Belphegor, Phantom of the Louvre () is a 2001 French fantasy film directed by Jean-Paul Salomé. It stars Sophie Marceau, Michel Serrault, Frédéric Diefenthal, and Julie Christie. It was written by Salomé, Danièle Thompson, and Jérôme Tonnerre. The 2001 film is about a mummy's spirit that possesses a woman (Marceau) in the Louvre. Belphegor, Phantom of the Louvre was filmed on location at the Musée du Louvre, the first feature film to be shot in part inside the world-famous museum.

Source material
This adaptation was loosely based upon the 1927 Arthur Bernède horror novel Belphégor, which had appeared in concert with a film serial version of the story. A television miniseries had appeared in 1965.

Plot
A rare collection of artifacts from an archeological dig in Egypt are brought to the famous Musée du Louvre in Paris.
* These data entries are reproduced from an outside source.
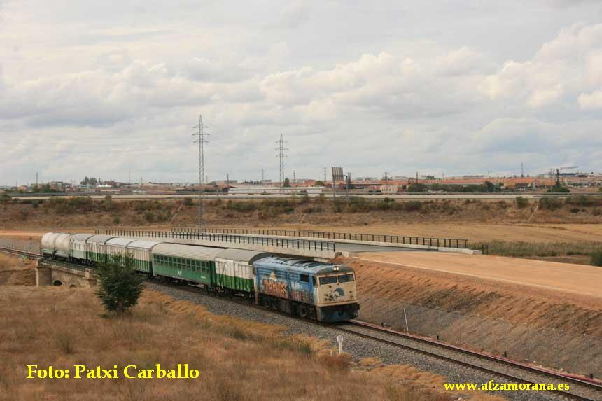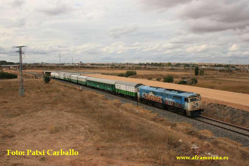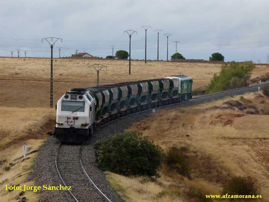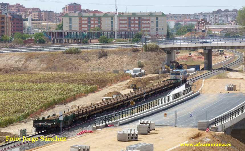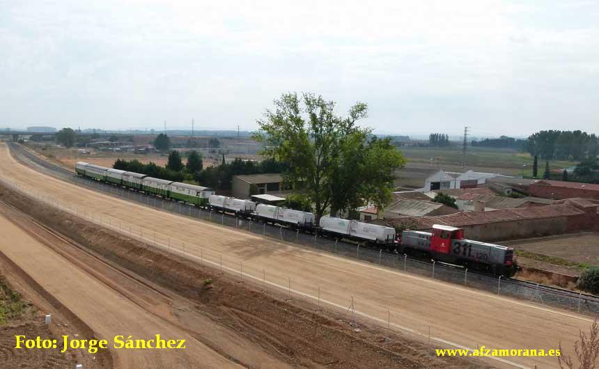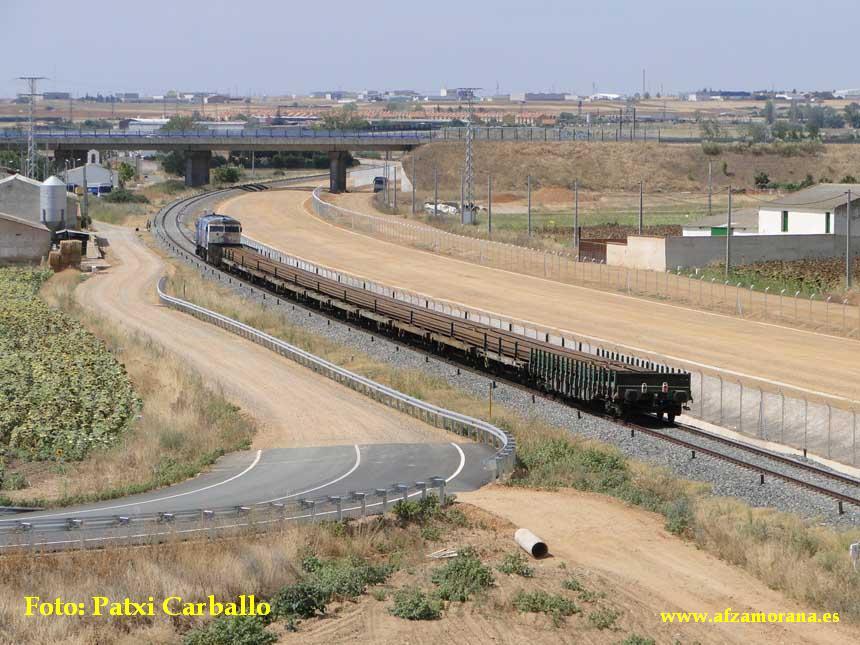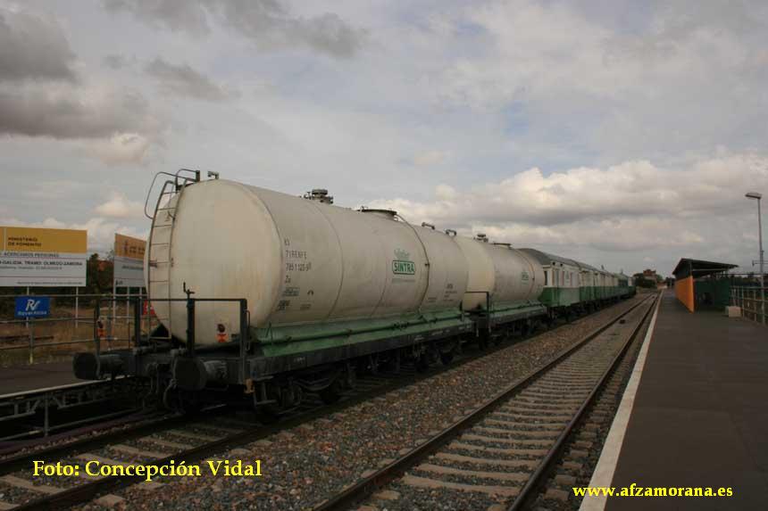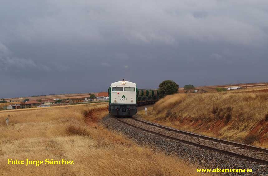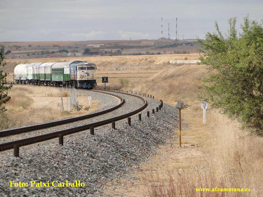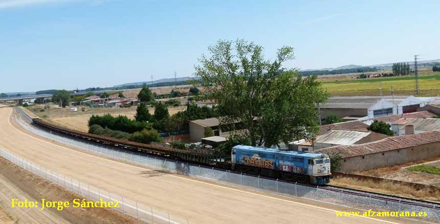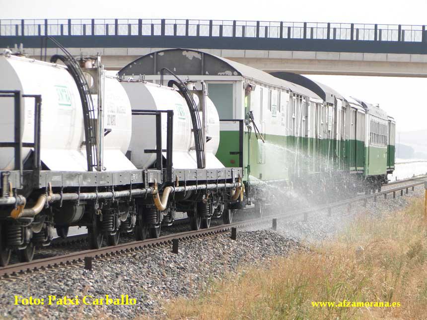 Hoy ha circulado un tren de plataformas con traviesas entre Toro y Sarracín de Aliste.
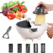 - Puteti alege une din lamele de otel inoxidabil interschimbabile aflate in pachet. In timpul rasului ajutati-va de accesoriul pentru a tine fructele si legumele in siguranta pentru a nu va taia . Legumele feliate sunt colectate intr-un bol cu strecuratoare incorporata
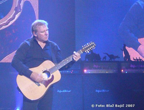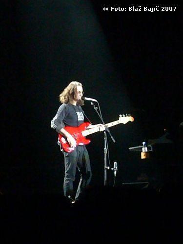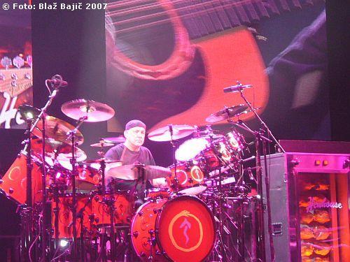 Geddy seveda za klaviaturami, opremljen s Fender bas kitaro, z značilnim vokalom, vokalom ki ga je moja prijateljica pred kratkim odlično okarakterizirala, kot najboljši ženski vokal v rocku, vseskozi suvereno in potentno napadalno. Neil Peartovi bobni so dobili za turnejo Snakes And Arrows posebno rdečo preobleko, s simbolom kače in puščice. Mož si je v ta namen s taisto vezenim simbolom, posodobili tudi svojo konfekcijo natančneje “fes” (brez cofa), ki ga nosi na glavi med koncerti.

While experts are using a laser scanning device to determine the age of a sarcophagus, a spirit escapes and makes its way into the museum's electrical system. Museum curator Faussier (Jean-Francois Balmer) brings in noted Egyptologist, Glenda Spencer (Julie Christie), to examine the findings, and she announces that the mummy inside the coffin was actually the evil spirit Belphegor.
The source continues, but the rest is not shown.